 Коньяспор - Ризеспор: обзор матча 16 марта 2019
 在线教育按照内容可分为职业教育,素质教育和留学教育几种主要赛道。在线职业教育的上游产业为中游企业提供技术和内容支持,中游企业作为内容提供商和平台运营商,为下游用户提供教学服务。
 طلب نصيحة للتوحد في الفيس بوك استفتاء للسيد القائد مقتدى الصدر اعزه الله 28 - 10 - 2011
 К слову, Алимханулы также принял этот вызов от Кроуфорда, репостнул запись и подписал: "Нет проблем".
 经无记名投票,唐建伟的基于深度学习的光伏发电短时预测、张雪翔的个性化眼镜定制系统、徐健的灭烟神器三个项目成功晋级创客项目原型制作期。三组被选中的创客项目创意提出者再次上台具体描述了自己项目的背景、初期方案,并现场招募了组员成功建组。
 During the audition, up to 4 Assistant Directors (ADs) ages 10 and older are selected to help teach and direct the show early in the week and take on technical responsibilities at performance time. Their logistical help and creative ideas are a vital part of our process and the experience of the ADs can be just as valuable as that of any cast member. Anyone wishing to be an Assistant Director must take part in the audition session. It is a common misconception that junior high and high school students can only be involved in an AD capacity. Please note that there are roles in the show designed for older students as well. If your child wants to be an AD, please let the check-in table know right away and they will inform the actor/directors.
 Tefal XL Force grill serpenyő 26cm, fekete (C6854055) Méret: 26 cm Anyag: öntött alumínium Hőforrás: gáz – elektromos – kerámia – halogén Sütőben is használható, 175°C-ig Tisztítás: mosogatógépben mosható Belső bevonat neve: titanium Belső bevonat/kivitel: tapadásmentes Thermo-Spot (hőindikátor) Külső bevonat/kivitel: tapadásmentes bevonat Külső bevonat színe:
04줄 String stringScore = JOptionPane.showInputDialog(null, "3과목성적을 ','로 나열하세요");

___

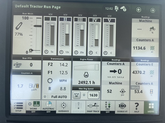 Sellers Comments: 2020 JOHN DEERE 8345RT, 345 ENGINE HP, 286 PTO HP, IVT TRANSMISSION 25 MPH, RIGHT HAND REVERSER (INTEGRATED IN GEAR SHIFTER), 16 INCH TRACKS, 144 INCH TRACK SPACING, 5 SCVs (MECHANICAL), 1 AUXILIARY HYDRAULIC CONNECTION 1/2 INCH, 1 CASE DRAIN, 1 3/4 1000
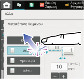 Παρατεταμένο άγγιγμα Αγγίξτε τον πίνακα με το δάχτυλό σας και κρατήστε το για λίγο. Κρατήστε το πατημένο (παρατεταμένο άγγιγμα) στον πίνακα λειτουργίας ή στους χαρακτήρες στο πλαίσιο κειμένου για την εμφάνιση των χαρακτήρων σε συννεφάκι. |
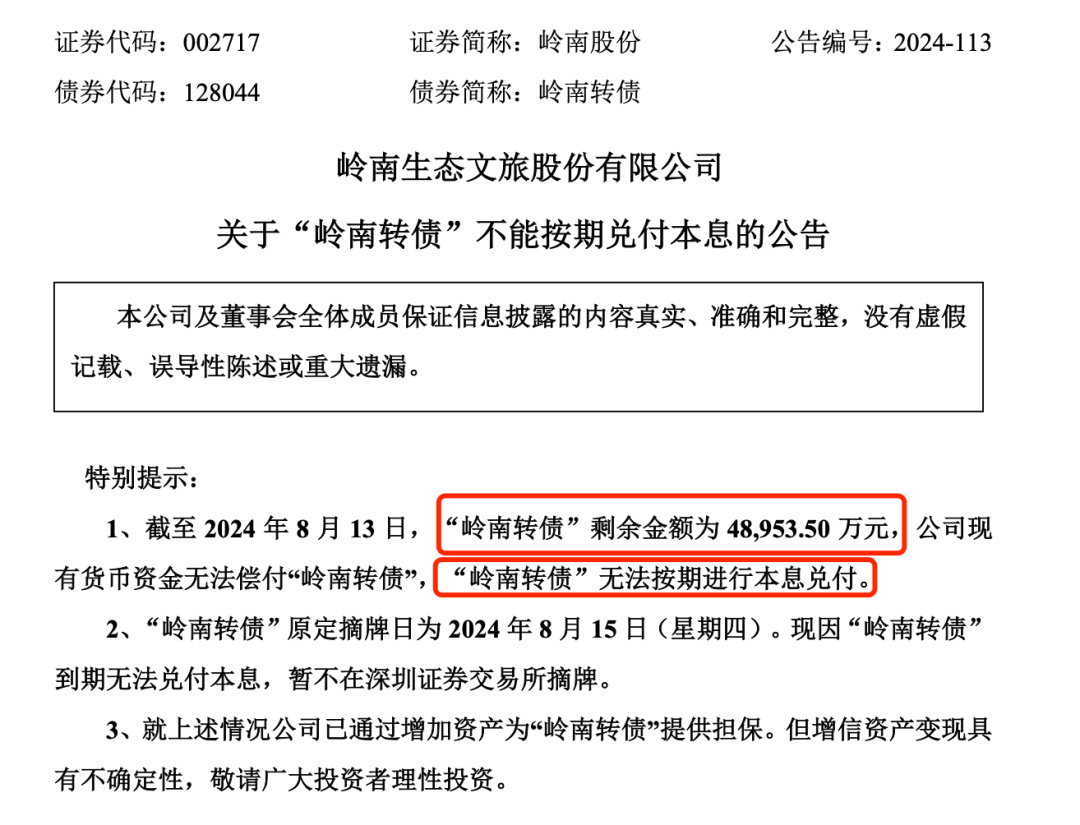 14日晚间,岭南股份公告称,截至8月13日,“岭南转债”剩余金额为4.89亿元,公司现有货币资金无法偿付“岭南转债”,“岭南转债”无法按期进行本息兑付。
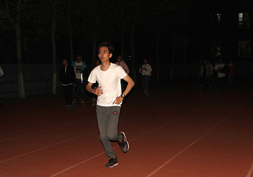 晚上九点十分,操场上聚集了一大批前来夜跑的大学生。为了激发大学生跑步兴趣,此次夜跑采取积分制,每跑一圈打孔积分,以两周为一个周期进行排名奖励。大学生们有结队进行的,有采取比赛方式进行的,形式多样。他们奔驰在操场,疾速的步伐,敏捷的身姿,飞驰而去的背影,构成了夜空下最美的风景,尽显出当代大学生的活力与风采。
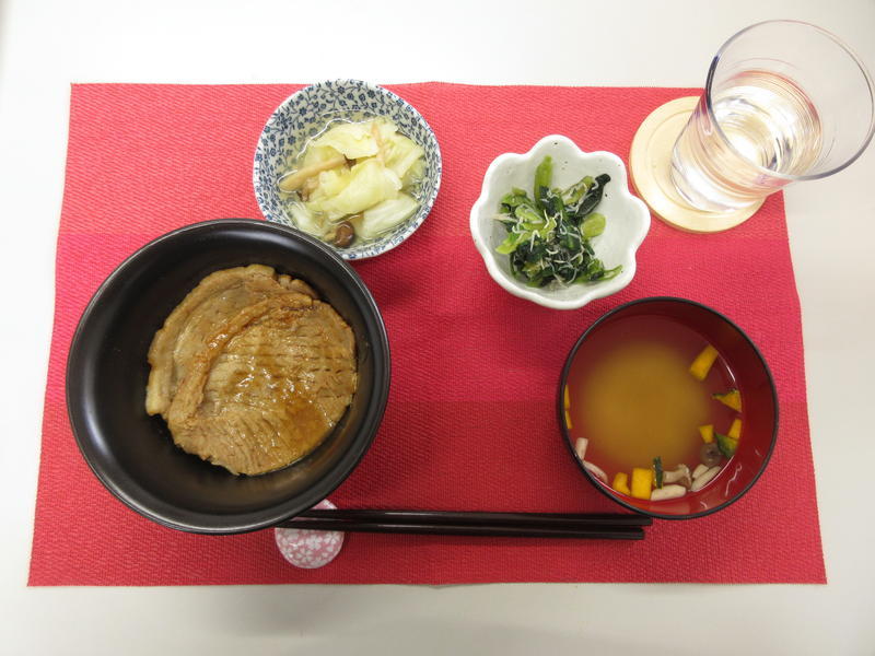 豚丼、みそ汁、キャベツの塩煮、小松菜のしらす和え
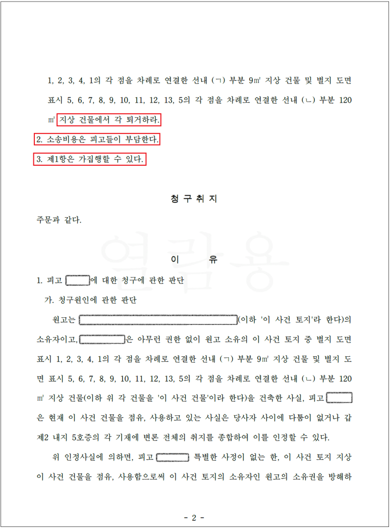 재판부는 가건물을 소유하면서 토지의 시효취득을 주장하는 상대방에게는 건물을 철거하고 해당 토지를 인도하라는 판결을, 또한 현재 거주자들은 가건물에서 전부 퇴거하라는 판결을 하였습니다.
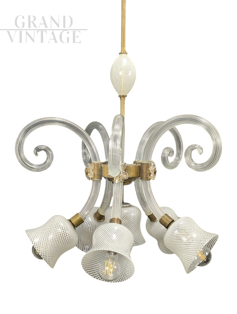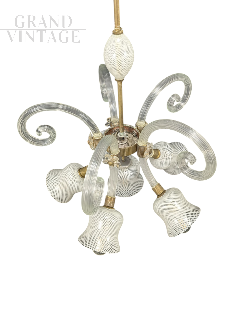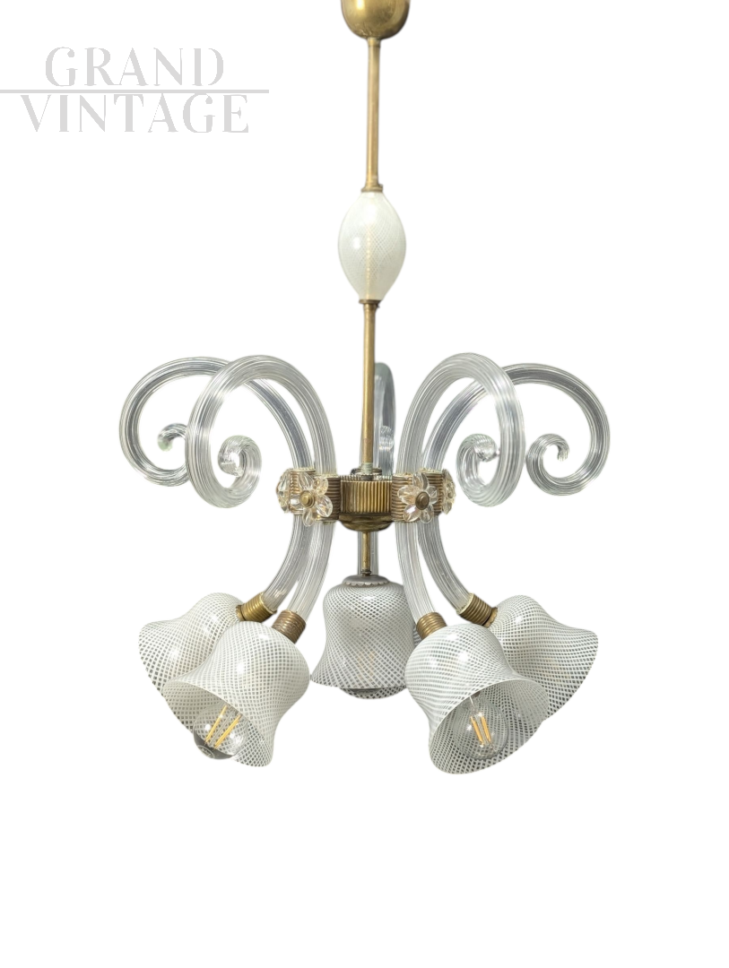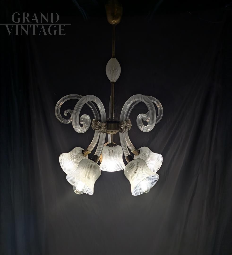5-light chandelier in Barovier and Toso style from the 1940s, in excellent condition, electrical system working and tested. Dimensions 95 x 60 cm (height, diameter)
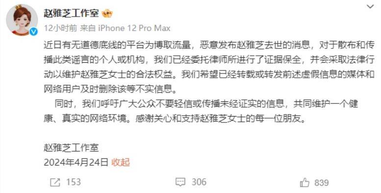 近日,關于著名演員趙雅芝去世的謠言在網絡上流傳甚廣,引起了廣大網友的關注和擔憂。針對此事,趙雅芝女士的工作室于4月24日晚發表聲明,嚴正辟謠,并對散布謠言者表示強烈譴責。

___

Problem description: Your reply should consist solely of the lines above from the line containing "5-light chandelier in" up to and including the line containing "近日,關于著名演員趙雅芝去世", reproduced exactly, minus the pictures.

Solution to this problem:
5-light chandelier in Barovier and Toso style from the 1940s, in excellent condition, electrical system working and tested. Dimensions 95 x 60 cm (height, diameter)
 近日,關于著名演員趙雅芝去世的謠言在網絡上流傳甚廣,引起了廣大網友的關注和擔憂。針對此事,趙雅芝女士的工作室于4月24日晚發表聲明,嚴正辟謠,并對散布謠言者表示強烈譴責。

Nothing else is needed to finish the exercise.